You’re not just caring for nature. Nature is caring for you. This is a reciprocal process. This is a relationship like you would have with a friend or a mother.

 

Amanda Craig is the Oregon Project Manager for the Trust for Public LandsOregon Rural Schoolyards Program and a citizen of The Confederated Tribes of the Coos, Lower Umpqua, and Siuslaw Indians. Last month, COLT staff Kelsey and Anna-Liza sat down with Amanda to talk about her work, what inspires her, and her hopes for the future.

This interview is part of a series in celebration of Native American Heritage Month. Throughout November, COLT is elevating the voices of Indigenous leaders in the Oregon land trust community, and highlighting the many ways they are transforming how land trusts approach conservation.

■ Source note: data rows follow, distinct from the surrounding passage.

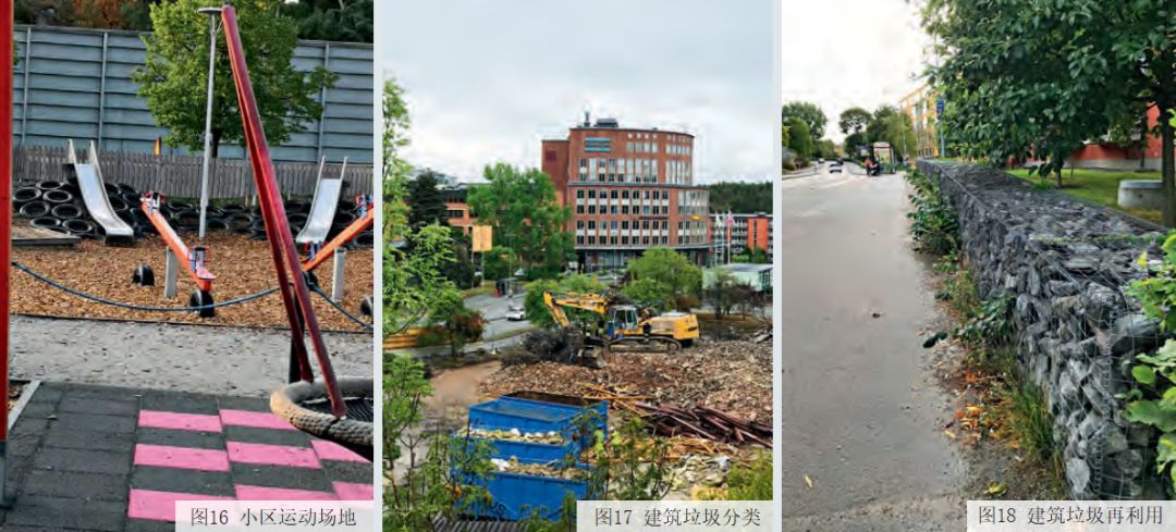 在城市的小區(qū)中還設(shè)有舊物品回收間(圖 15),市民們可以把家中不用的家具、衣物、玩具、書等舊物投放到不同的塑料桶內(nèi),由專業(yè)公司收取、處理和再利用。小區(qū)運(yùn)動(dòng)場(chǎng)地(圖 16) 利用舊輪胎等制作運(yùn)動(dòng)器材,做到物盡其用,減少了垃圾量。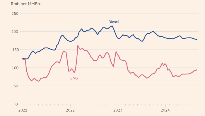По оценкам Financial Times, Китай платит около $8 за млн британских тепловых единиц за трубопроводный газ, что намного меньше, чем за импорт СПГ морским путем. Фунг сказал, что ранее в этом году важнейший «период окупаемости» для покупателей грузовиков на СПГ был на год быстрее, чем для дизельных, несмотря на то, что они примерно на 25% дороже.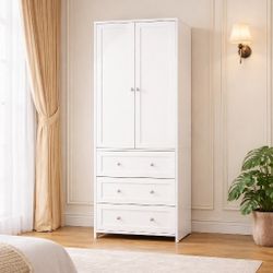 Closet with Drawers and Mirror, 71" Clothing Storage Cabinet with Hanging Rod, 2 Doors Wooden Wardrobe Cabinet for Bedroom, Large Capacity Storage$115Fontana, CA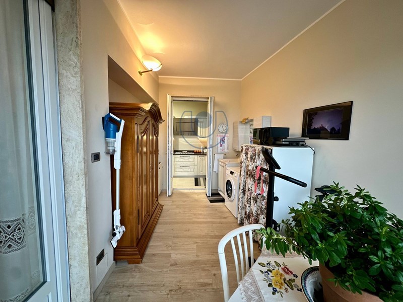 La zona giorno prosegue con un tinello spazioso e con una cucina recentemente rinnovata, entrambi affacciati sul terrazzo verandato, una vera estensione della casa. Qui è possibile godere di una vista straordinaria durante tutto lanno, immersi in luce naturale e panorami che cambiano con le stagioni.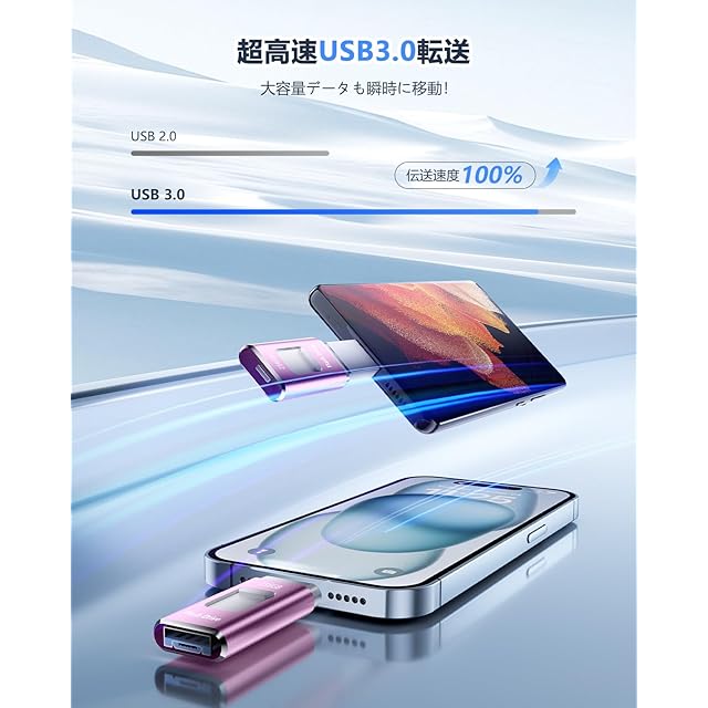 【従来品への飛躍!専用アプリ不要・多機能実現】最新技術で開発したUSBメモリでアプリなど面倒な設定は一切無し、iOS システムに付属のファイル アプリを使用して、挿せば直ぐに使用可能。写真、動画、音楽はもちろん、ExcelやPDFなどの書類データも転送可能、機器の操作が苦手な方でも簡単にデータ移動ができます。スタイリッシュなデザインに加え、便利な機能が満載のスマホ USBメモリーは、スマホと接続すると、音楽再生・写真バックアップ、ファイル圧縮・解凍、動画/画像/資料編集などの機能を果たすことができます。仕事を効率化して、日常生活をより便利にしてくれます。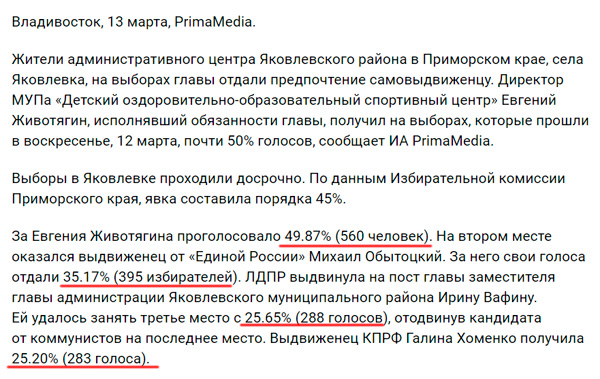 Если внимательно посчитать сумму процентов всех голосов, замечает Денис, то получится 135,89%. То есть до традиционных российских 146% голосов - слегка не дотянули.

This interview has been edited for length and clarity.


COLT: Thank you so much for talking with us! Can you start by asking you to tell us a bit about yourself?

Close up photo of Amanda from the shoulders up
Amanda Craig. Photo by Crystal Craig.

Amanda: My name is Amanda Craig. I am a citizen of The Confederated Tribes of the Coos, Lower Umpqua, and Siuslaw Indians. I was born and raised in the Pacific Northwest, and I’ve been lucky to have been able to work for my tribal community for the last 20 years, on and off.

Recently, I graduated from the University of Oregon with a master’s in landscape architecture. From there, I found some work within the land trust community. I now work for the Trust for Public Land based out of Bend, Oregon as the project manager for the Oregon Rural Community School Yards Program, which focuses on renovating outdated elementary school playgrounds into accessible nature-rich schoolyard for students during the day and the greater community after school hours.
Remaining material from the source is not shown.